Friday, 19 August 2016

Composite Databases

Composite (or Layered) Databases access data from other servers using REST. They open the possibility of integrating databases from multiple platforms incrementally using VIEWs. Data obtained from a remote system through a view is not stored locally, and if permissions have been appropriately set up, these views can be updatable.

The design should be interoperable across many platforms and DBMS, using the widely-implemented row-versioning mechanisms for DBMS and entity tags for HTTP (RFC7232). Both RVV and ETags can be strong validators that help with transaction management even in the absence of two-phase commit guarantees for transactions, and they also make updatable joins more intuitive. The mechanism offered in Pyrrho makes no assumptions on the format of these validators.

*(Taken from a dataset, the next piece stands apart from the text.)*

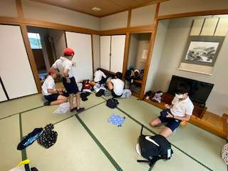 荷物整理します。忘れ物ないように気をつけて!大事な「お土産」も各自まとめています。

To make views work in this way in SQL, we need to be able to specify the resulting row type of the view and the URL to GET the source data. With some reasonable conventions on the REST interface this information can be sufficient to implement associated POST, PUT and DELETE operations (assuming that the remote data owners have made the necessary permissions available), and so the SQL view will be updatable using ordinary SQL INSERT, UPDATE and DELETE, with the  application of integrity and referential constraints, triggers etc.

The advantages for data integration are considerable, and I look forward to further work in this area.
For now, I offer a very simple example that you can try out. Suppose we have two databases A and B on different servers, and A offers a REST interface on port 8180 (see below). We suppose A is a generally-available list of employees, and B in the HR department gives details of their posts and salaries.

Let us define A and add some sample data:

create table D(eid int primary key, fname char, sname char)
insert into D values(1,'Joe','Soap'),(2,'Betty','Boop')

And B:

create table H(eid int primary key, job char, salary int)
insert into H values (1,'Cleaner',12500)
insert into H values (2,'Manager',31400)

HR will use the following mechamism to give a usable employee list:

create view W of (eid int, fname char, sname char) as get 'http://localhost:8180/A/A/D'
create view V as select * from W natural join H
select * from V

Creating the view copies no data!. And then the following changes work:
update v set fname='Elizabeth' where eid=2
insert into v(eid,fname,sname,job,salary) values(3,'Fred','Smith','Janitor',22160)
delete from v where sname='Soap'
delete from v where eid=2

The changes are applied to both databases as needed.
To set up the two servers on the local machine, you can use these commands:
For A: ospsvr
For B: ospsvr -p:5434 -s:0 -S:0
Then A uses Pyrrho's HTTP port 8180.
To set up the database A, use ospcmd A woth the above two lines.
To send the above commands for B use ospcmd -p:5434 B .

Of course, in practice things will not be quite so simple, but it is reasonable to assume some cooperation and suitable tuning from the REST providers, especially if they will be providing privileges to the composite database. In this way we can assure quality of the combined data without disturbing ownership of the data.

Wednesday, 10 August 2016

Updatable joins and views

Today's version has improvements for views and joins. Base tables referred to in views and joins can now be modified from the view or join using INSERT, UPDATE and DELETE, subject to the obvious restrictions.  To be modifable, the view and join definitions must not contain aggregations or distinct, and the join conditions must be composed of conjunctions of equality conditions.

I notice that some DBMS including Oracle only allow one base table to be modified in such an operation. Pyrrho does not have this restruction.

Thursday, 4 August 2016

Bookmarks replace Enumerators

In today's new version of Pyrrho, use of .NET Enumerator classes has been replaced with Bookmarks.
Throughout the source code in the new version you will see for statements of the form
for (var a=b.First();a!=null;a=a.Next()) {..} instead of foreach(var a in b).
This is because bookmarks cannot be used with foreach; but they bring other advantages which this posting will try to explain.
A quick reminder of how .NET's IEnumerators work: given a collection class C, GetEnumerator() returns an IEnumerator which initially does not have any value (it points before the first item in the collection). On such an IEnumerator, MoveNext() returns a boolean saying whether a move to the next item in the collection succeeds, Current gives the current member of the collection and Reset repositions the enumerator back to before the start. Evidently such enumerators contain mutable data, and MoveNext will modify the internal structure of the Enumerator class.
Pyrrho takes transactions and program state obsessively seriously. I like to control side effects of everything. Pyrrho uses immutable data structures wherever possible, e.g. for trees and even databases. Bookmarks can be implemented using immutable data (all fields are readonly) and this is a great advantage from my viewpoint.
So if b is a member of a collection class C, we can have an associated bookmark class (probably called C.Bookmark), with the following standard methods: 
  • a static method New(b). If the colection is empty New(b) will return null), otherwise it gives a bookmark for the first member of the collection. b.First() is implemented as New(b).
  • an instance method Next() which returns a bookmark for the next member of the collection, or null if there is none.
  • value() to access the current member of the collection.
I will get around to benchmarking the new version soon to see what effect on execution speed this change brings, and in the meantime I welcome comments!